Set down all of the data exactly. Pictures stay out of the copy.

Provided material >>
--------------------------------------------------
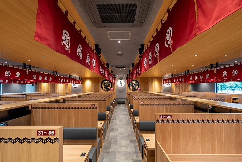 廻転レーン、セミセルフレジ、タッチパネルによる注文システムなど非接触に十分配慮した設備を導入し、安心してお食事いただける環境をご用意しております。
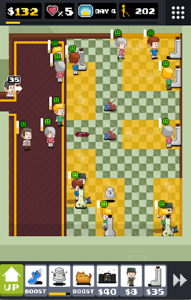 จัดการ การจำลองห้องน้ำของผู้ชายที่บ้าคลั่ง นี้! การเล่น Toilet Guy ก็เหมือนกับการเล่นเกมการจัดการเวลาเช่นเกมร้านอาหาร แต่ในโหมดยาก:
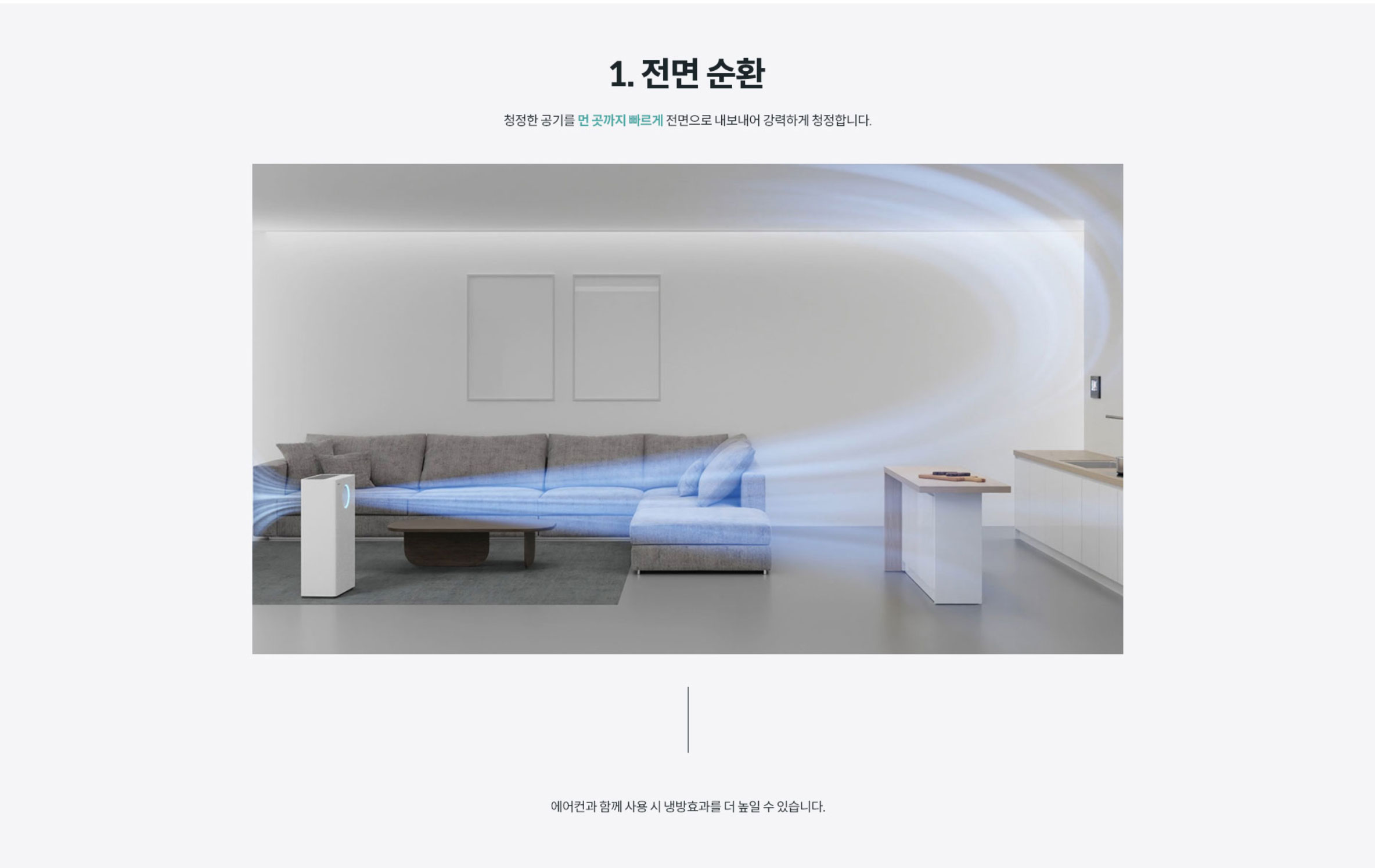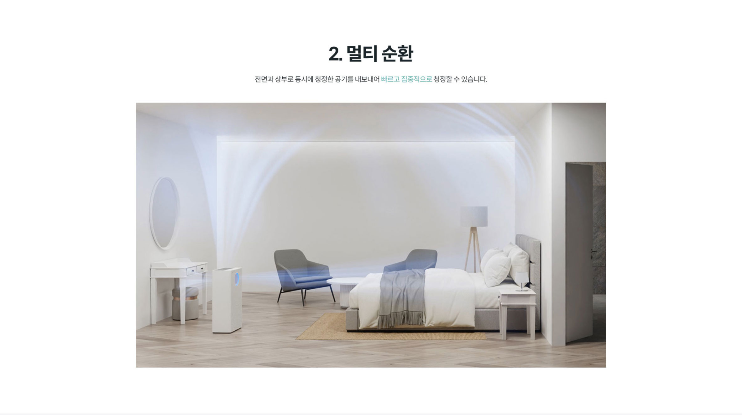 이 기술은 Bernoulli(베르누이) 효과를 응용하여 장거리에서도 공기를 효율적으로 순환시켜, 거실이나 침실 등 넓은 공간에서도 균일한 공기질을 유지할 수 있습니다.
--------------------------------------------------
Completed task >>
 廻転レーン、セミセルフレジ、タッチパネルによる注文システムなど非接触に十分配慮した設備を導入し、安心してお食事いただける環境をご用意しております。
 จัดการ การจำลองห้องน้ำของผู้ชายที่บ้าคลั่ง นี้! การเล่น Toilet Guy ก็เหมือนกับการเล่นเกมการจัดการเวลาเช่นเกมร้านอาหาร แต่ในโหมดยาก:
 이 기술은 Bernoulli(베르누이) 효과를 응용하여 장거리에서도 공기를 효율적으로 순환시켜, 거실이나 침실 등 넓은 공간에서도 균일한 공기질을 유지할 수 있습니다.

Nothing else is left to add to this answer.